Les années 80 ont été fatales au cinéma qui n’a plus du tout aucune audace, se conformant aux injonctions religieuses.

Pour revenir à l’article de Marlé Hammond, il a eu la bonne idée en appendice 1, de proposer des capture d’écran de films cités par lui-même : « Lie upon lie », « A kiss in Lebanon » ou encore « I killed my son » de Gamâl Makdûr ainsi qu’en appendice 2, un tableau, où l’auteur distingue les minutes où un baiser sur la bouche a lieu entre les protagonistes, ou un baiser sur la main, ou encore sur le front (pp 146-151).

J’ai effectué une recherche sur ce film, sauf erreur de ma part ce film n’est pas sorti en Egypte, peut-être dans un pays anglo-saxon. D’autre part, je voudrais souligner que, pour rester dans le registre du cinéma, ce sont des cinéastes égyptiens qui vivent hors de leur pays qui ont vraiment posé la question de la sexualité. J’en veut pour preuve le magnifique thriller Le Caire Confidentiel du cinéaste égyptien né à Stockholm en Suède, Tarik Saleh sortie en France en 2017 qui évoque le meurtre d’une call-girl dans un hôtel du Caire.Une grand réussite qui a été couronnée de prix internationaux.
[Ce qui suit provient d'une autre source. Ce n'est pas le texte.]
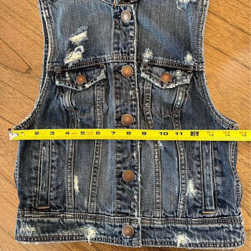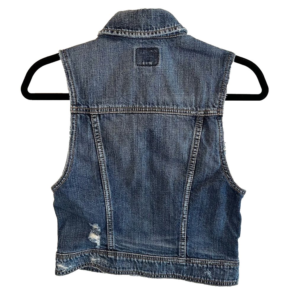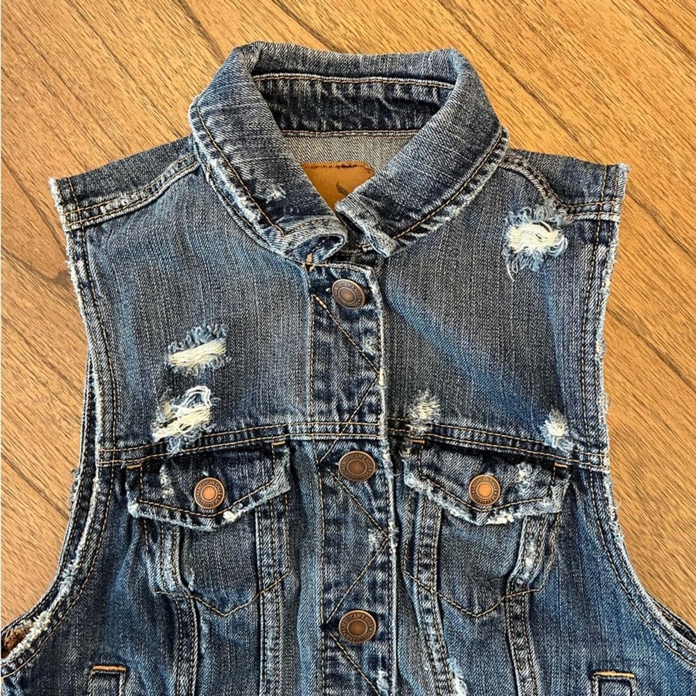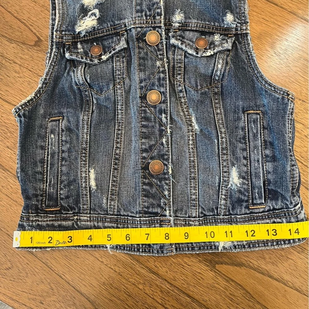 American Eagle distressed denim vest with button closure. A closet staple you can wear alone or layered. Features a classic medium blue wash. Pre-loved but in very good condition. See pictures for measurements.

Bien entendu d’autres contributions sont mentionnées dans ce livre très original et très riche.

Citons -les:

Désir sublimé, rationalisé, exposé, ridiculisé, la passion amoureuse dans la littérature arabe du VIII/XIV siècle de Monica Balda-Tillier, mettant l’accent sur le mode ‘udhrite ( courtois et platonique, et celui du Mujûn ( Ce n’est pas un genre littéraire mais un type d’écriture du libertinage jusque’à l’obscénité selon l ‘autrice).
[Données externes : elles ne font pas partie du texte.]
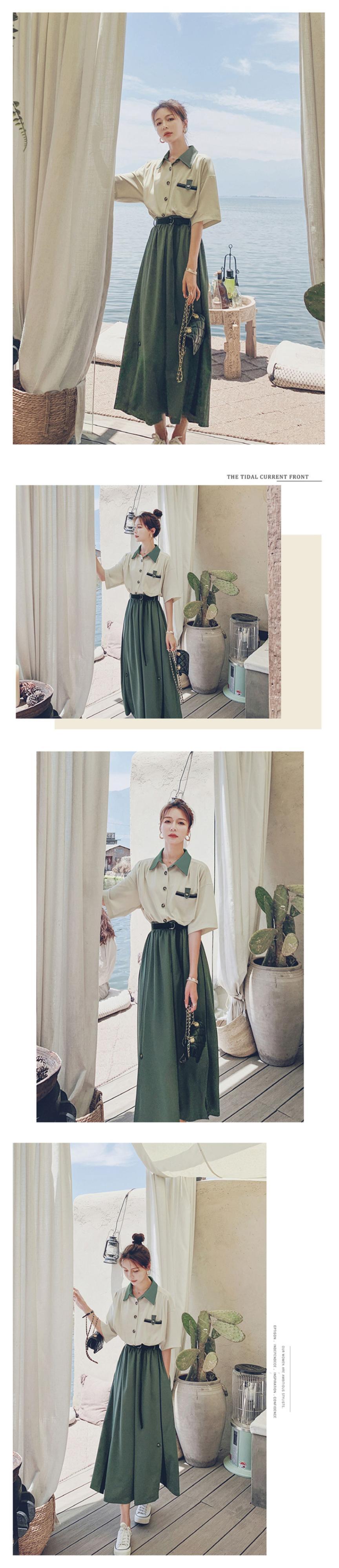 フランスのレトロな優しいスタイルのティーブレイクベルフラワースカートシックなハイセンスの女神ファンコントラストカラーステッチシャツドレス夏 サマー 夏物 フラワーデザイン yingd31084933218

Claire Savina s’est attachée à « De l’interprétation d’un traité de ‘ilm al -bâh à la réalisation du «  pornogramme » barthien. La traduction comme ravissement(s).

Shireen Hamza et Pernilla Myrne ont developpé respectivement Sex in the Kitchen. Aphrodisiac Recipes in Tench-Century Medicine and Cuisine et Words of Advice and Desire. women as Erotic Experts and Advisers in Premodern Arabic Erotica.

Rima Sleiman propose  » Ambivalence et désir paradoxal dans le roman arabe moderne », l’exemple de la femme à la fiole de Selim Matar.

Danilo Marino , a écrit le texte portant sur Le plaisir de l’ivresse. Haschich et littérature homoérotique à l’époque mamelouke.

Frédéric Lagrange a donné une contribution titrée Chanter le désir, mimer l’obscénité. Fantasmes masculins, agaceries féminines dans la chanson égyptienne, de l’ère des almées aux danseuses satellitaires et chanteurs toktok.

Mariem Guellouz quant à elle s’est attelée aux Pratiques langagières à l’épreuve des homosexualités.

Le dernier article et non des moindres est de Gabriel Semreme et porte sur Mithliyy, mithlak, langue et militantismes LGBTQ au Liban et en Palestine.

L’ensemble de l’ouvrage forme un tout cohérent, inédit et très intéressant à découvrir, afin de mieux comprendre la civilisation arabe dans ce qu’elle a plus raffiné pour éviter toute forme de censure, et de plus moderne par l’ouverture et la communication avec les autres cultures d’hier et d’aujourd’hui.

Des références de livre et d’études complètent l’ouvrage pour prolonger la découverte ou la recherche.